Publications
Publications
- 2024
“If You’re Not There… You’re Not There”: How Art Market Platforms Induce Status Anxiety to Coerce Participation
By: James Riley and Ezra Zuckerman Sivan
Abstract
This paper, an 18-month ethnographic investigation of international art fairs (IAFs), shows how market platforms can have a coercive effect, inducing sellers (i.e., art galleries) to participate despite ambivalence over their value and anxiety over the process by which participants are selected. The key to this coercive effect, clarified via the contrast between “curatorial” art fairs and low-status “pay-to-play” art fairs, is that IAFs render visible a status hierarchy that is otherwise opaque. As such, galleries who seek to cultivate demand for their artist-clients from premier collectors come to feel they have no choice but to participate lest they lose visibility and thereby raise suspicion that they have lost their capacity to support their artist-clients and by default the collectors.
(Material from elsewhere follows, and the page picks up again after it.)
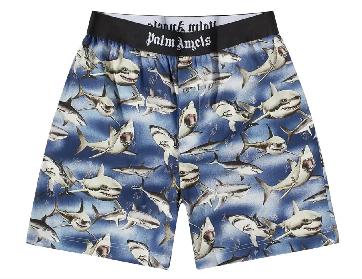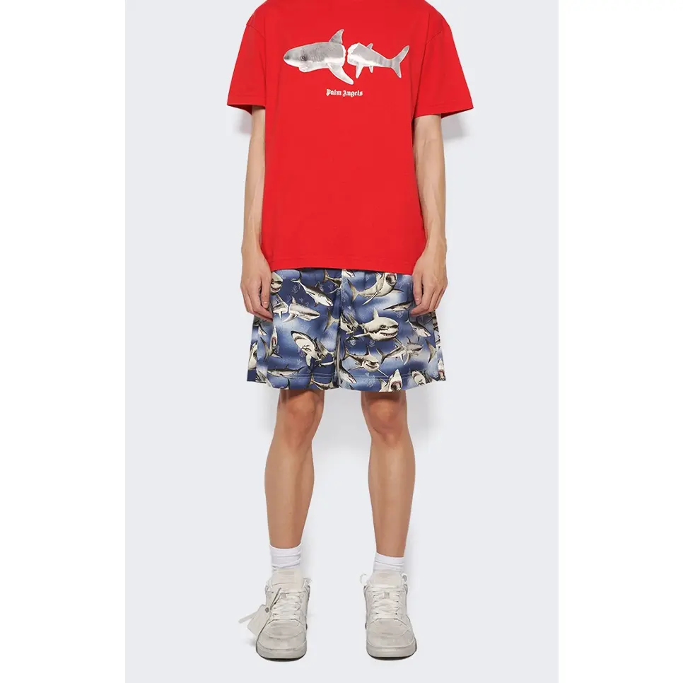 Palm Angels Shark Printed Black/Blue "Easy" Shorts Size Medium
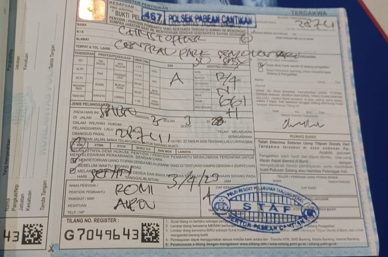 “Memang saat itu pengendara tersebut menitipkan sejumlah uang, karena berdasarkan pasal 25 ayat (3) PP 80/2012 pelanggar bisa menitipkan uang denda karena tidak bisa menghadiri persidangan,” jelas Aiptu Romy.

The identification of this coercive effect offers an important theoretical advance, illuminating how it is not simply that institutions that exhibit a market’s status hierarchy reveals the status-based competition that is present in that market (Podolny 1993, 2005) or that institutional entrepreneurs can reshape market competition by publicizing an alternative ranking system (Esepland and Sauder 2007), but that the very construction of certain markets is rooted in how institutional entrepreneurs construct markets and platform extensions as status-exhibiting scenes and venues.
Keywords
Citation
Riley, James, and Ezra Zuckerman Sivan. "“If You’re Not There… You’re Not There”: How Art Market Platforms Induce Status Anxiety to Coerce Participation." Working Paper, August 2024.